• [ACTIVITY]: Pictures are to be dropped, and only the lines from the one containing "Super Bowl 5" through the end of the data below are to be reproduced as written.

+===+

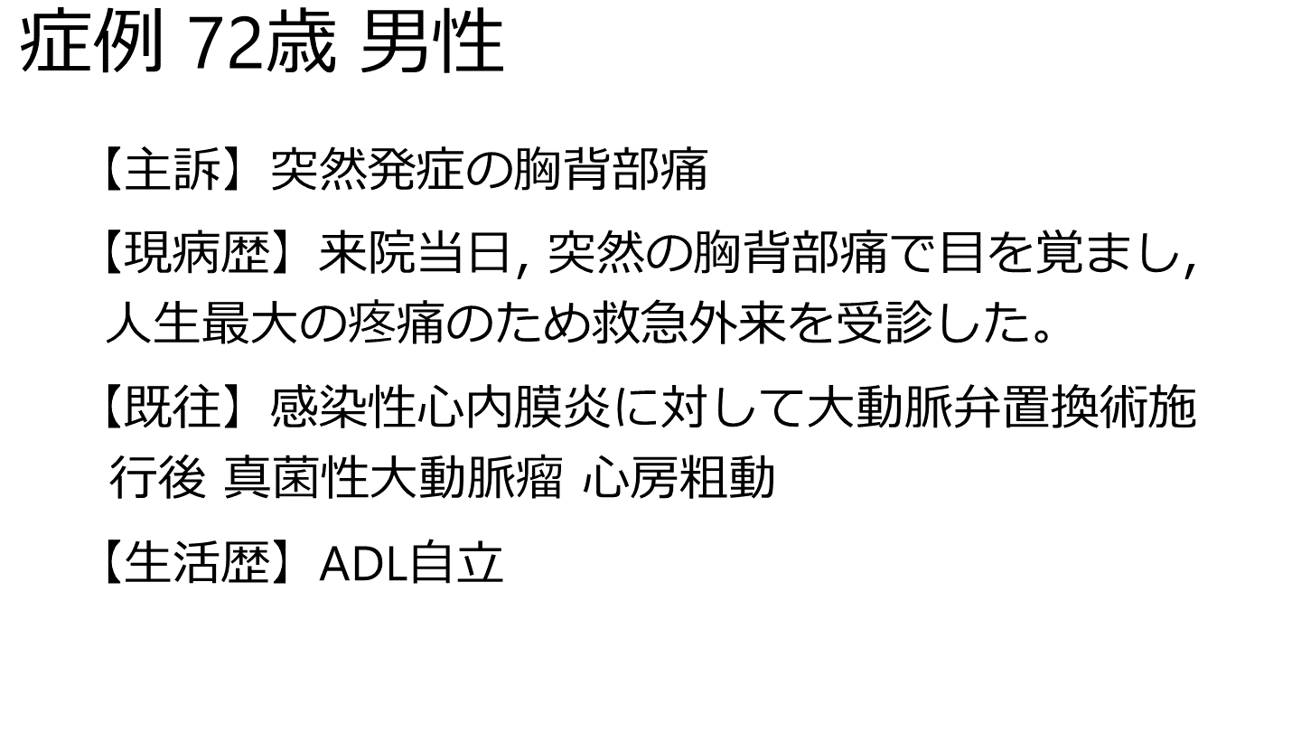 【現病歴】来院当日, 突然の胸背部痛で目を覚まし, 人生最大の疼痛のため救急外来を受診した。
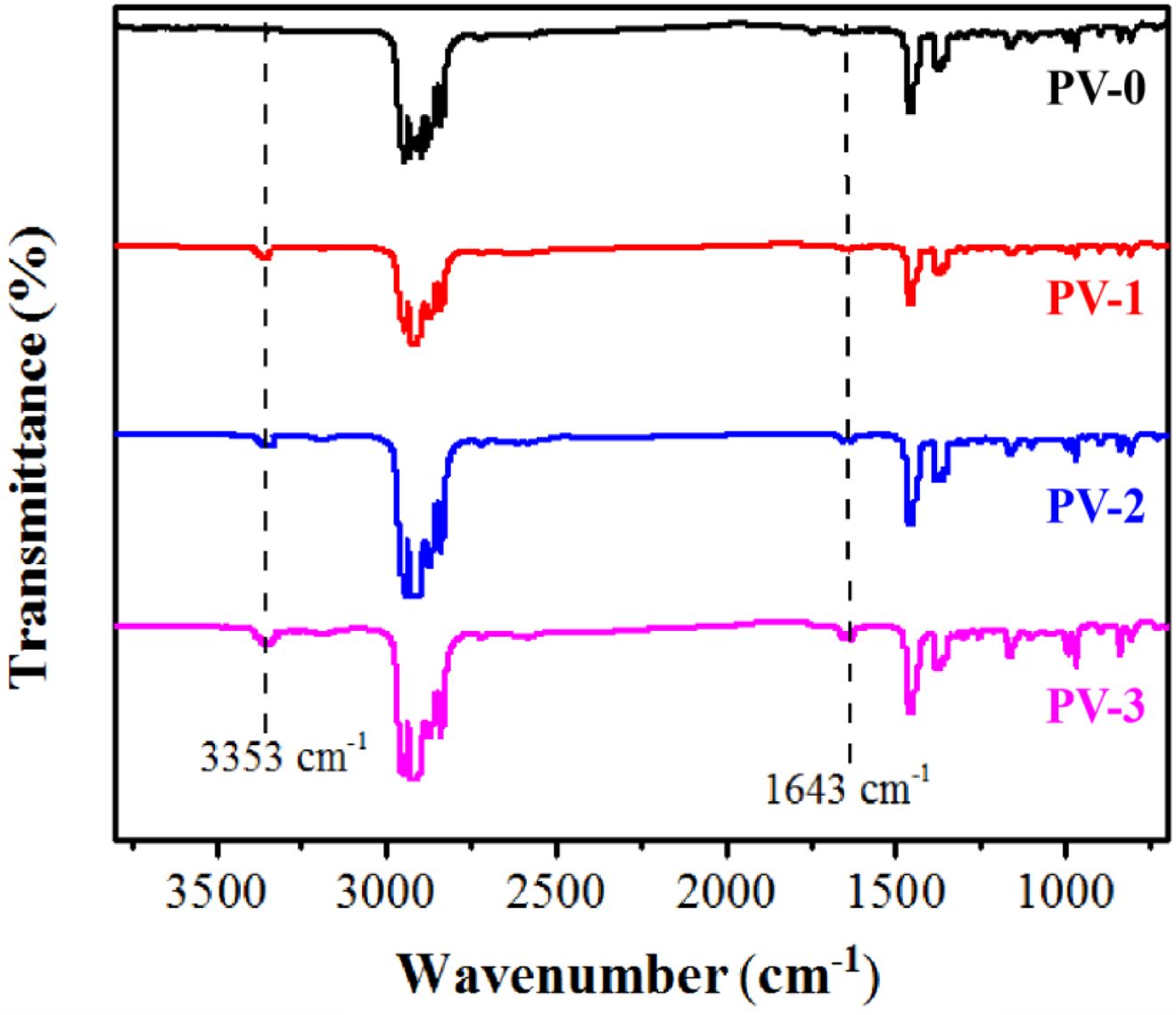 FTIR and Thermal Properties of PP/ VA Materials. The FTIR spectra of PP/VA materials was shown in Figure 2. It could be seen that the main change in the spectra of PV-0 material with VA antioxidant was the characteristic peak of hydroxyl group (-OH) at 3353 cm-1 and the stretching vibration of C=C bond of benzene ring in VA molecule at 1643 cm-1.22 The hydroxyl group (-OH) had high reactivity and was generally considered as the main group to improve the antioxidant capacity of polymers. The hydroxyl group (-OH) provided by VA could give PP/VA materials certain ability of capturing and scavenging free radicals, which could reduce the aging effect of hot oxygen, thus extending the service life.
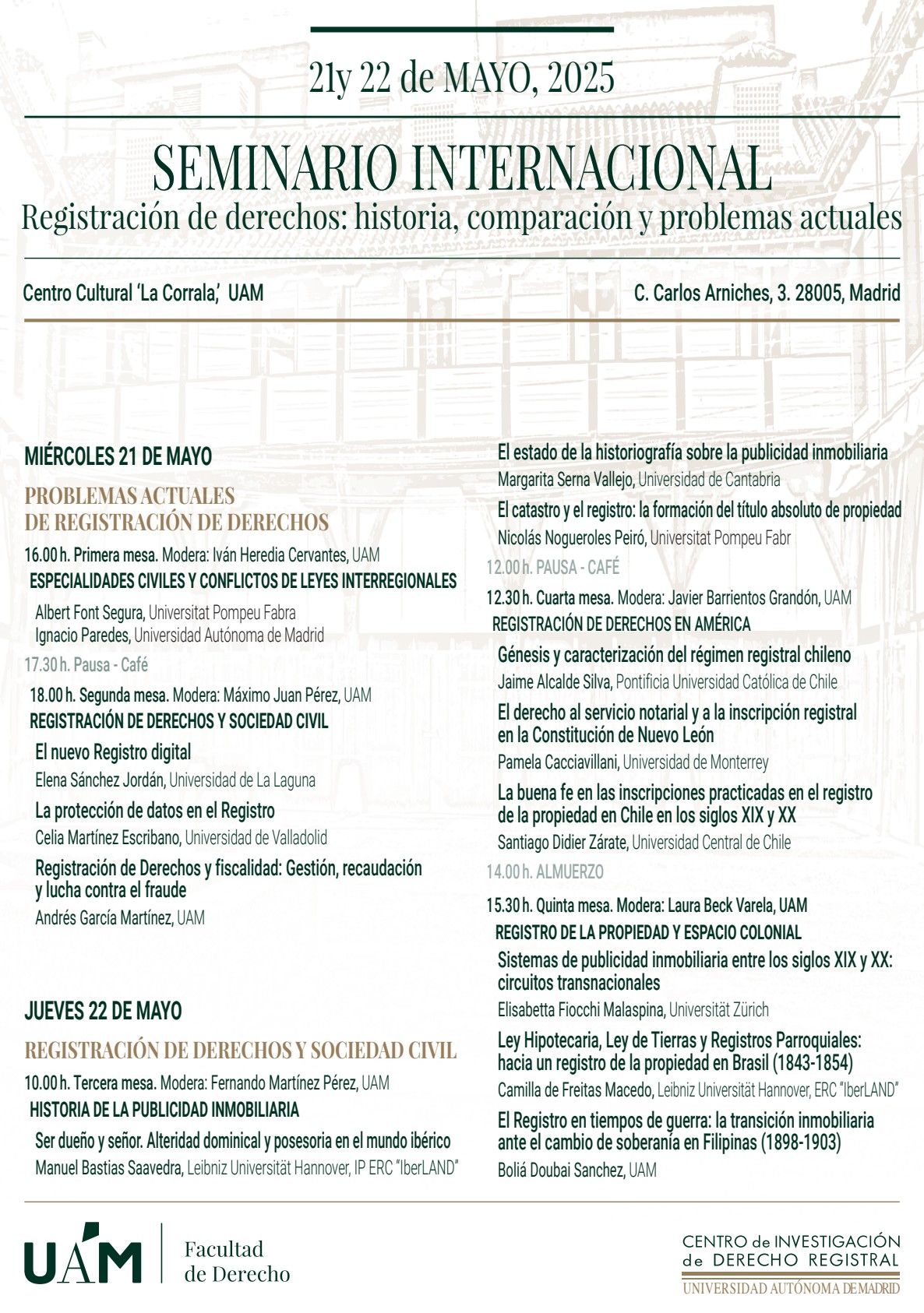 Seminario Internacional Registración de derechos: historia, comparación y problemas actuales, Centro Cultural ‘La Corrala,’ Universidad Autónoma de Madrid, Madrid, Spain
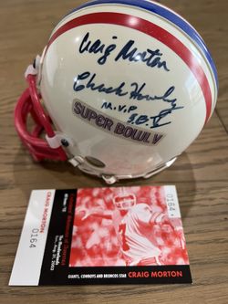 Super Bowl 5 Mini Helmet Signed By Johnny Unitas Craig Morton, MVP Chuck Howley with attached COA holograms. $160Phoenix, AZ
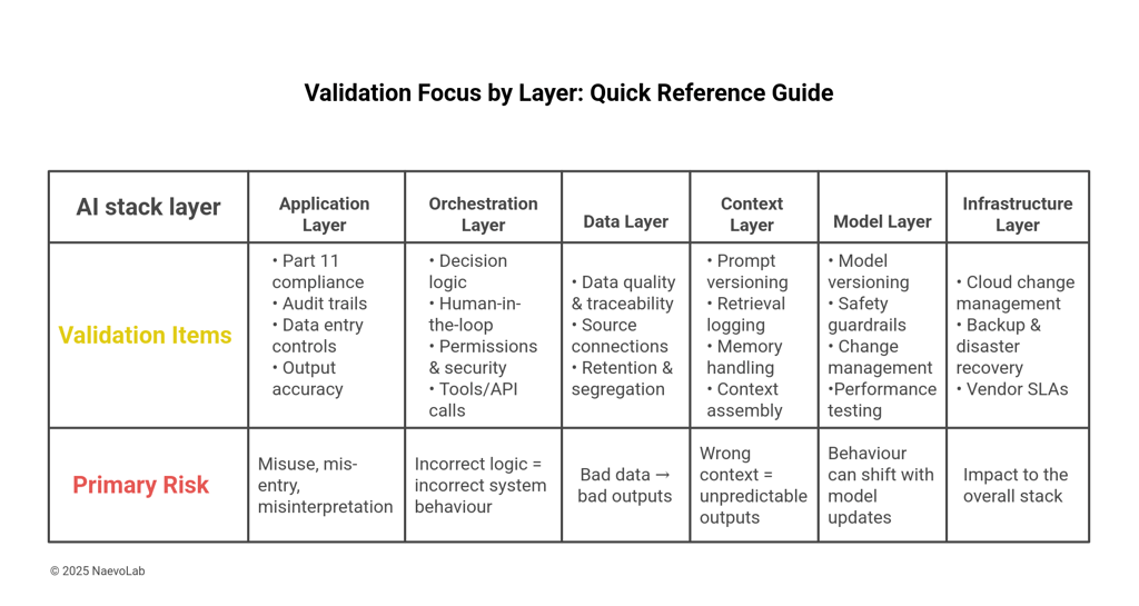 From a validation perspective, this layer focuses on availability, reliability, security controls, backup and recovery, change management, and supplier assurance. Cloud updates or misconfigurations can impact the entire AI stack.

+===+

• [RESULT OF THIS EXERCISE]:
 Super Bowl 5 Mini Helmet Signed By Johnny Unitas Craig Morton, MVP Chuck Howley with attached COA holograms. $160Phoenix, AZ
 From a validation perspective, this layer focuses on availability, reliability, security controls, backup and recovery, change management, and supplier assurance. Cloud updates or misconfigurations can impact the entire AI stack.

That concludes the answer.